# Thus Spake.....Dick?



## DickC (May 22, 2011)

Hello. I'm Dick.  I am an avid reader and have written stories and scripts over the years. Now in middle age, if I live into my hundreds, I've finally decided to pursue writing full time. Yes, I am prepared to eat belly button lint and wear used newspaper clothes.

    My writing leans to the dark and strange side with a twist of sci-fi, but I also write straight fiction as well. The first book I remember that shattered my understanding of reality was Kobo Abe's "Secret Rendevous". I bought it when I was maybe thirteen at a Woolworth's dime book sale. Yes, ten cents for new paperbacks. Well, if you've ever read anything by Abe you would know how warped my world view became. 

    Other writer's that informed me were Vonnegut, John Brunner (the great english speculative fiction writer), Richard Brautigan and of course the amazing Stephen King. It would be pompous to say that I write like any of these masters. They were the lights along with many others illuminating a pathway into my own imagination.
    I look forward to reading others' work here and occasionally putting in my two cents. Most of all I anticipate the helpful critiques and suggestions of other lovers of words. I used to avoid criticism, taking it personally.

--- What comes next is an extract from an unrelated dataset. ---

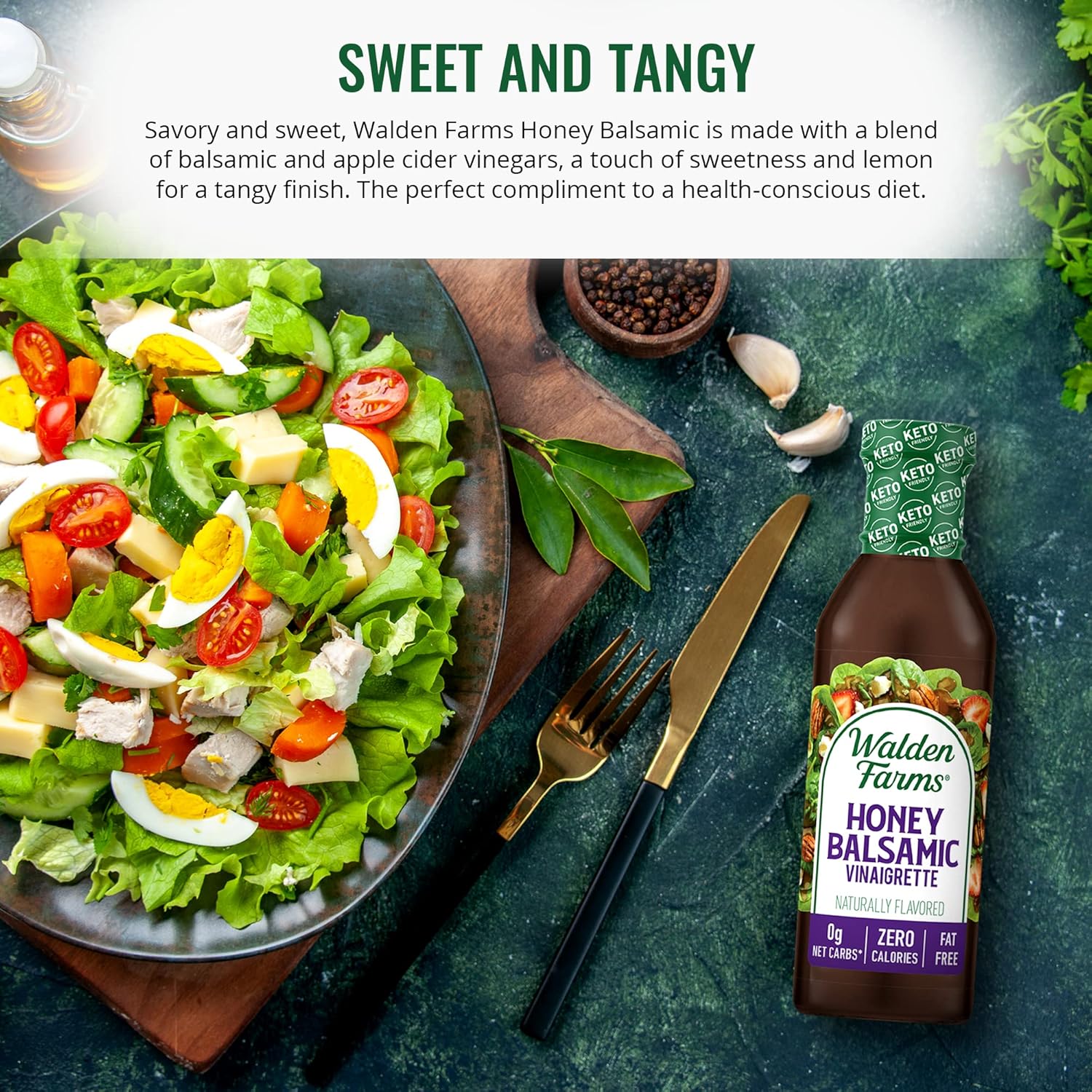 SWEET AND TANGY – Savory and sweet, Walden Farms Honey Balsamic is made with a blend of balsamic and apple cider vinegars, a touch of sweetness and lemon for a tangy finish. The perfect compliment to a health-conscious diet.

But now I'm wiser and weathered enough to know that even if it were just flaming, which it seldom is, there could still be something useful to be had. Help comes in many guises.

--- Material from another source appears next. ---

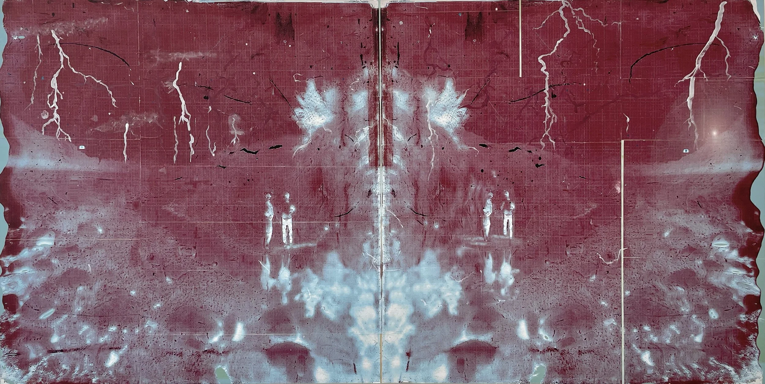 Duology (Call and Response - red), 2025, Mixed Media Painting on Wood Panel; 30 x 60 inches

So, this day of surviving yet another apocalypse, does anyone remember the Great Convergence of '89 or '90, seems a good starting point for a fun and imaginative adventure. See you in the threads.
DC


----------



## The Hawk (May 22, 2011)

Welcome DickC. I wish you lots of luck in your writing.


Cheers


----------



## Gumby (May 23, 2011)

What a colorful introduction you gave.  I'm still 'digesting' that belly button lint comment, ugh! Welcome to the site.


----------



## TheFuhrer02 (May 23, 2011)

Hello there, Dick! Welcome to WF!


----------



## DickC (May 23, 2011)

Thank you All for the warm welcome. Umph, one of my two ton cats just jumped on my abdomen. Well that must be some kind of auspicious sign.


----------



## Jinxi (May 23, 2011)

Loved your intro! Welcome to WF DickC! :hi:


----------



## Nickie (May 23, 2011)

Welcome to the forums, Dick



Nickie


----------